*Exercise directions*: Would it be possible to output exactly, and only, the lines below from the one holding "点击网络 接着刷新当前界面 或 Ctrl+R(快捷键刷新)" to the last line, both included, with every picture left out?

*Dataset extract*:
──────────
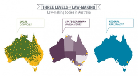 There are six state and two mainland territory parliaments. These parliaments make laws for states and territories. - Local Councils
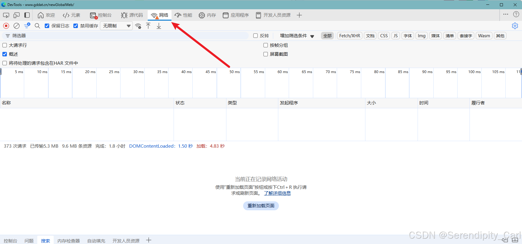 点击网络 接着刷新当前界面 或 Ctrl+R(快捷键刷新)
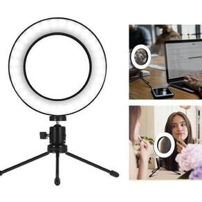 Ring Light Led Mesa Iluminador Pequena Tripé 6 Polegada 16cm Iluminador Ring Light 6 Polegadas 16cm Usb Led 5500k Com Apoio De Mesa Iluminador Ring Light de 16 centímetros (6,5 polegadas), desenvolvido para maquiadores, fotógrafos, cinegrafistas e etc, que buscam uma ótima maneira de iluminar com perfeição. Você pode ajustar o ângulo da iluminação por possuir um suporte articulado. É possível controlar as diferentes temperaturas de cores através do controle de ajuste que vai de 3200k à 5500k. Na frente dos leds tem um filtro difusor para suavizar a luz espalhando a luz com maior uniformidade. A alimentação do iluminador é através de cabo USB (não acompanha adaptador de tomada e não possui bateria interna recarregável), você pode utilizar um adaptador de tomada de celular para ligar ou conectar no USB do computador ou outro equipamento que forneça 5v USB. O cabo USB deverá estar sempre ligado para funcionar. O Ring Light é acompanhado de um apoio de mesa. O apoio também serve para utilizar em outros equipamentos de até 1kg de peso, como projetores, celulares e etc. É recomendado e extremamente eficaz para a macro fotografia, fotografia médica, odontológica, científica, hobby e para a iluminação/fotografia de produções de maquiadores. Fácil de usar, durável e de pouco peso, facilitando o transporte. Especificações:Diâmetro : 16cm (6,5 polegadas)Alimentação: 5v USBComprimento aproximado do cabo: 1,90mTemperatura de cor: 3200k - 5500K ajustávelÂngulo Regulável: SimPotência: 10w Marca: Mrvendas
──────────
*Output*:
 点击网络 接着刷新当前界面 或 Ctrl+R(快捷键刷新)
 Ring Light Led Mesa Iluminador Pequena Tripé 6 Polegada 16cm Iluminador Ring Light 6 Polegadas 16cm Usb Led 5500k Com Apoio De Mesa Iluminador Ring Light de 16 centímetros (6,5 polegadas), desenvolvido para maquiadores, fotógrafos, cinegrafistas e etc, que buscam uma ótima maneira de iluminar com perfeição. Você pode ajustar o ângulo da iluminação por possuir um suporte articulado. É possível controlar as diferentes temperaturas de cores através do controle de ajuste que vai de 3200k à 5500k. Na frente dos leds tem um filtro difusor para suavizar a luz espalhando a luz com maior uniformidade. A alimentação do iluminador é através de cabo USB (não acompanha adaptador de tomada e não possui bateria interna recarregável), você pode utilizar um adaptador de tomada de celular para ligar ou conectar no USB do computador ou outro equipamento que forneça 5v USB. O cabo USB deverá estar sempre ligado para funcionar. O Ring Light é acompanhado de um apoio de mesa. O apoio também serve para utilizar em outros equipamentos de até 1kg de peso, como projetores, celulares e etc. É recomendado e extremamente eficaz para a macro fotografia, fotografia médica, odontológica, científica, hobby e para a iluminação/fotografia de produções de maquiadores. Fácil de usar, durável e de pouco peso, facilitando o transporte. Especificações:Diâmetro : 16cm (6,5 polegadas)Alimentação: 5v USBComprimento aproximado do cabo: 1,90mTemperatura de cor: 3200k - 5500K ajustávelÂngulo Regulável: SimPotência: 10w Marca: Mrvendas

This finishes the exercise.